Akhirnya, jam makan siang tiba juga. Esya menggeliat, dia merentangkan kedua tangannya kuat-kuat, dan menghela napas seakan-akan habis mengerjakan pekerjaan yang amat berat.
Pekerja kantoran, dulu, Esya berpikir kalau jadi orang kantoran itu enak, hanya duduk manis, kerjanya hanya ngetik-ngetik, gaji terjamin, pakaian bagus, hidup terjamin. Ah, ternyata dunia kerja sesungguhnya tidak seindah yang dia bayangkan.

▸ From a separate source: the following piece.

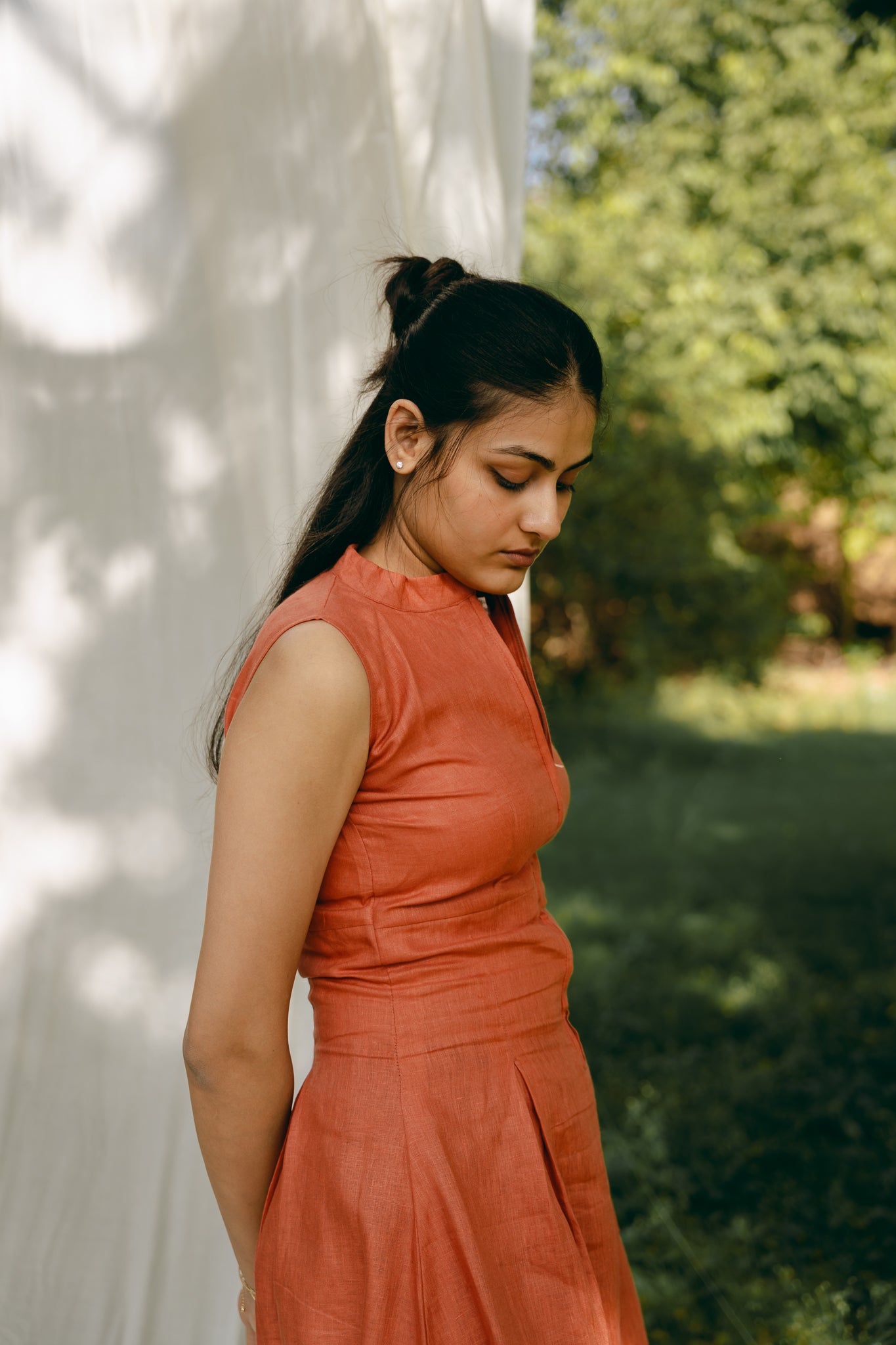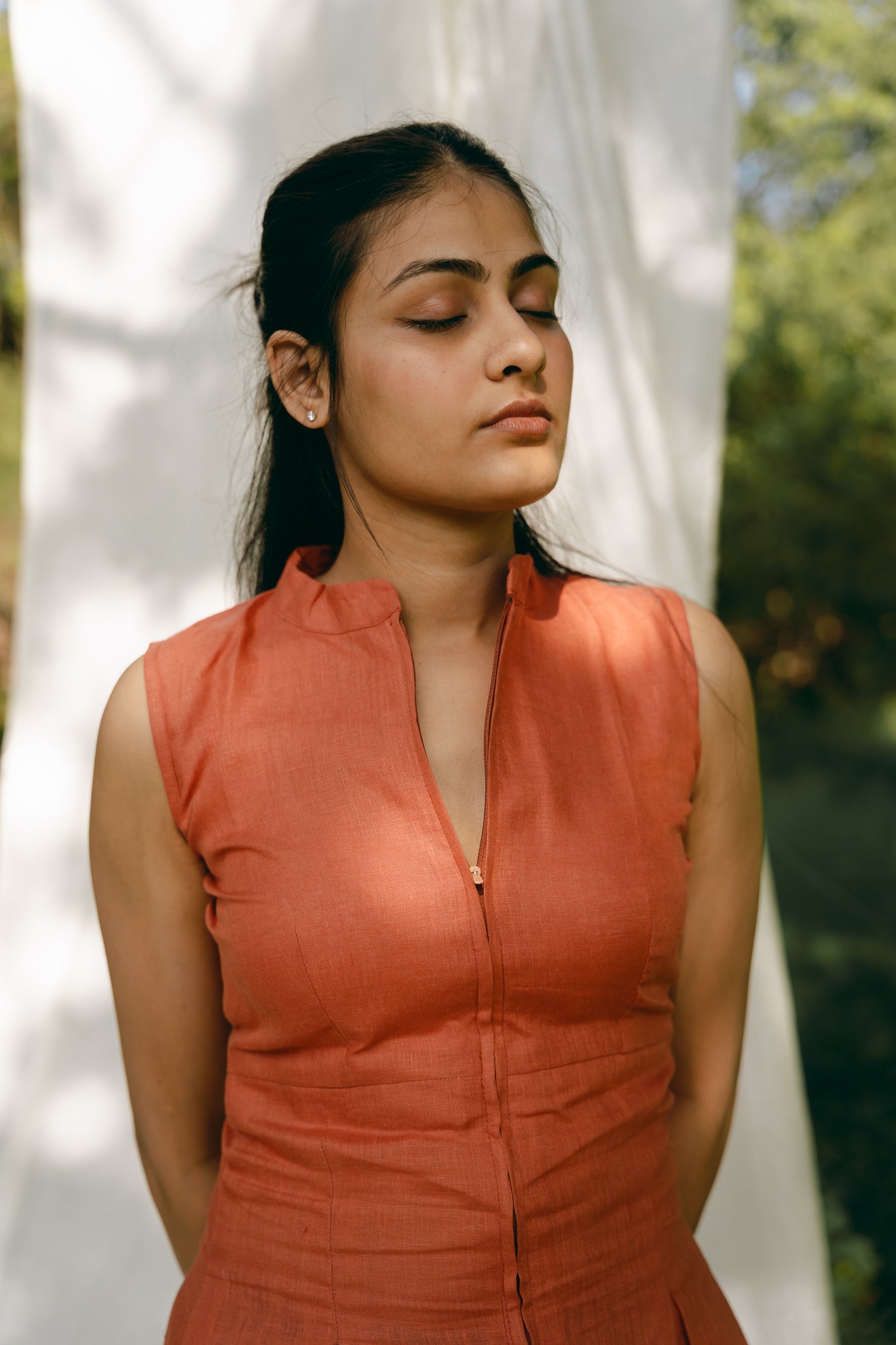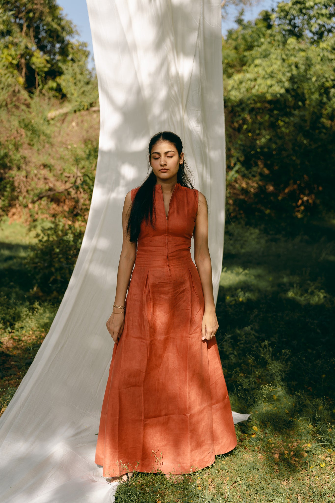 Sleeveless long dress with mandarin collar. Hidden zip fastening on the front.

Saat langkah kakinya baru hendak keluar dari kantor megah itu, Esya dikagetkan oleh Bu Hana yang tiba-tiba menghadangnya di depan pintu kantor. Sepertinya wanita itu habis selesai makan siang. Sudut bibirnya tampak memerah karena sambal yang belum di bersihkan dengan baik.
"A-ada apa, ya, Bu?" tanya Esya dengan hati-hati, wanita itu menundukkan pandangan, takut-takut kalau Bu Hana akan memarahinya seperti kemarin.
"Kerja kamu sudah selesai? Coba saya cek!" tegasnya, tatapan Bu Hana, tatapan itu seperti merendahkan Esya. Sepertinya, karyawan baru dimata Bu Hana benar-benar tak berguna bak sampah.
"Sudah, Bu. Sekarang, 'kan jam makan siang—" Dia hampir saja ceroboh, mengatakan sesuai isi hatinya. Lagi dan lagi, Esya benar-benar tidak bisa mengontrol dirinya!
Untung saja, pak Zidane datang. Entah ada angin apa, direktur utama yang terkenal arogan dan susah didekati itu malah terang-terangan mengajak karyawan baru itu makan siang bersama. Bu Hana tampak kebingungan melihat tingkah atasannya itu. "Pak? Saya boleh ikut—" ucapan wanita tua itu segera dipotong.
"Siapa yang menyuruh kamu ikut, hah?!" ucapnya setengah membentak, tatapanya tetap tajam, lelaki itu benar-benar diberkati aura menakutkan.
"Ayo, Sya!" ajak Zidane, dirampasnya tangan mungil Esya, yang diperlakukan semena-mena tidak bisa melawan barang sedikit pun. Tentu saja, ancamannya adalah kehilangan pekerjaan alias dipecat.
Langkahnya begitu cepat, Esya tidak mampu mengikuti kecepatan langkah itu. Jadi, sekarang wanita itu lebih terlihat diseret daripada di tarik untuk jalan bersama. Tidak ada rangkulan mesra, sepertinya Zidane benar-benar bersuasana tidak bagus hari ini.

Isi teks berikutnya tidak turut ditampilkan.